6. Countering the above arguments, learned DR appearing for the Revenue submits that the goods were found to be of prime quality by the examiner, at the time of examination of the goods and said fact, by itself, is indicative that the value of the imported goods should have been on the higher side. In these circumstances the adoption of NIDB data, which is nothing but compilation of the correct value of identical goods is appropriate. As such, he prays for upholding the impugned orders.
7. Having appreciated the submissions made by both the sides and having gone through the impugned order, we find that the findings of the lower Authorities that the goods were of prime quality instead of the same being Grade 201 Ex Stock are depending upon the visual examination of the goods by the Appraiser at the time of clearance of the goods. As rightly observed by Commissioner (Appeals), there is factually no evidence on record to reflect upon the said fact. Admittedly Appraisers cannot be held to be an expert in the field and his opinion, based upon the visual examination, cannot be equated with an experts opinion on the subject. No tests have been carried out, no experts opinion obtained and as such it is difficult to accept the Revenues proposal that the goods were not of the Grade declared by the assessee and were of higher Grade. However, we find that apart from observing that there was no willful mis-declaration by the importer so as to avoid incidence of a higher duty, he has also observed that even a small percentage of the excess goods covered by one of bills of entries was also not at the instance of the importer. However, in spite of that he has imposed penalty on the importer. We are of the view that the said part of the impugned order of Commissioner (Appeals) is self-contradictory, thus not calling for imposition of any penalty on the importer.
8. As regards valuation, we find from the above reproduced para from the Commissioner (Appeals) order that the Revenue has solely relied upon the NIDB data for the purpose of enhancement of value of the imported goods. Tribunal in the case of CC, New Delhi vs. Virasat Electronics reported in 2015 (317) E.L.T. 295 (Tri. Del.) as also in the case of CC, New Delhi vs. Marble Art reported in 2013 (289) E.L.T. 346 (Tri. Del.) has held that for adopting any other method for enhancement of the value of the imported goods, first of all transaction value is required to be rejected as incorrect/false on the basis of some evidences. It is only thereafter that the other method of deciding value has to be adopted. In any case, the Tribunal has observed that NIDB data cannot be held to be the proper basis for enhancement of the value.
When we apply the ratio of the above decisions to the facts of the present case, we find that Revenue has not made any efforts to reject the transaction value. There is virtually no evidence on record to indicate that the value agreed upon between the importer and the exporter is not correct or any consideration of the goods has flown back to the exporter from the appellant.

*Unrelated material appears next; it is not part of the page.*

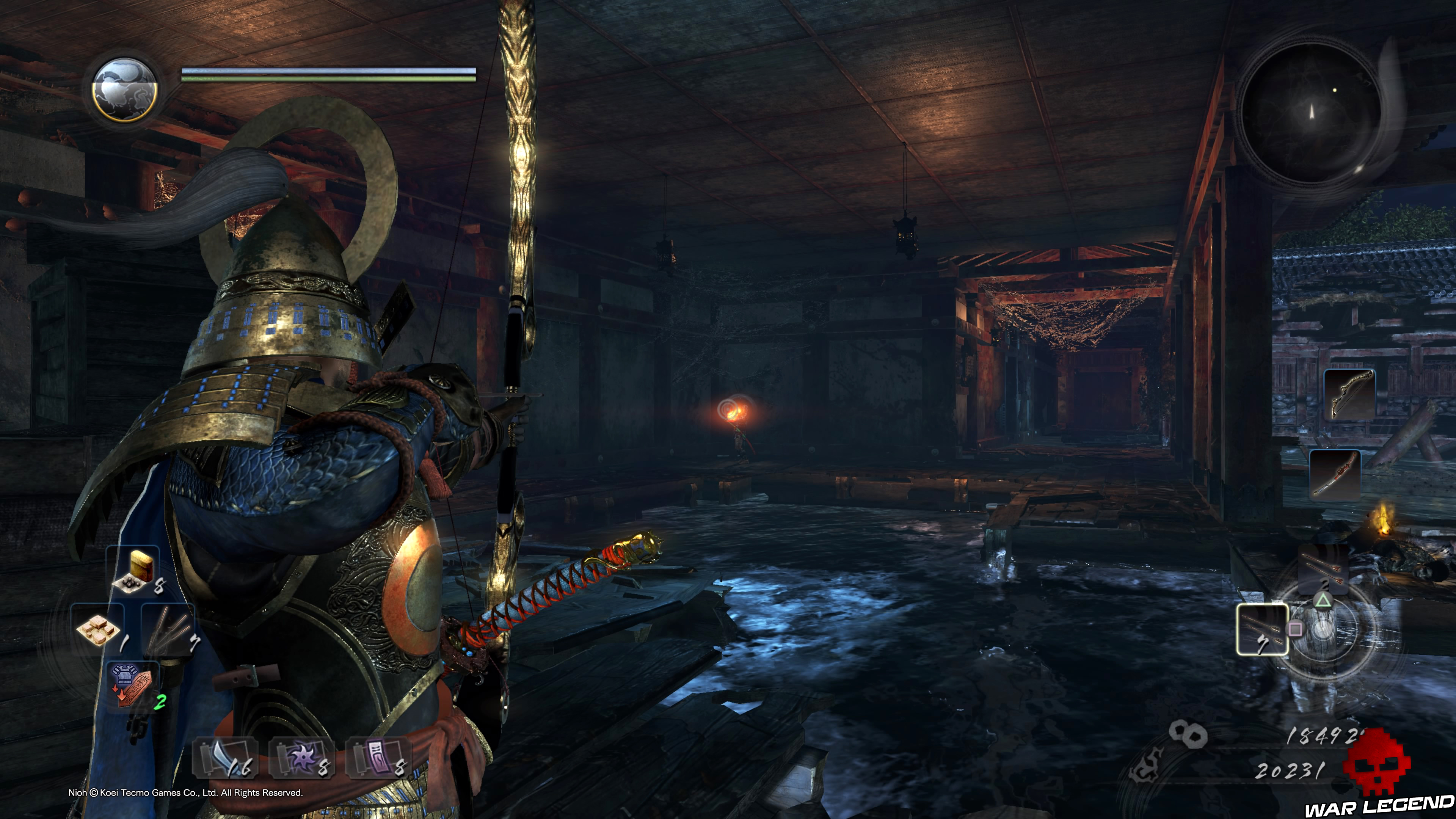 Tuez l’archer et prenez le Hizayoroi de garde ainsi que la Flèche dans le coffre. Sur le pont supérieur, zigouillez un deuxième archer et sautez par le trou à proximité pour éliminer un dernier pirate et récupérer une Eau sacrée. Poursuivez pour revenir à l’autel et continuez en direction du bâtiment. Derrière un vase, vous trouvez trois Flèches sur un cadavre. Quand vous arrivez dans la grande salle, tuez l’archer à l’autre bout.

If that be so, we agree with the learned Advocate that the transaction value would reflect the correct assessable value of the imported items. Otherwise also, we find that the reliance by the lower Authorities on the NIDB data is not correct. Apart from above two referred decisions, there is catena of decisions holding so. As such, we are of the view that the impugned orders are not proper and justified. The same are accordingly set aside and appeal is allowed with the consequential relief to the appellant.
(Dictated and pronounced in open court) (Archana Wadhwa) Member (Judicial) (B. Ravichandran) Member (Technical) PK ??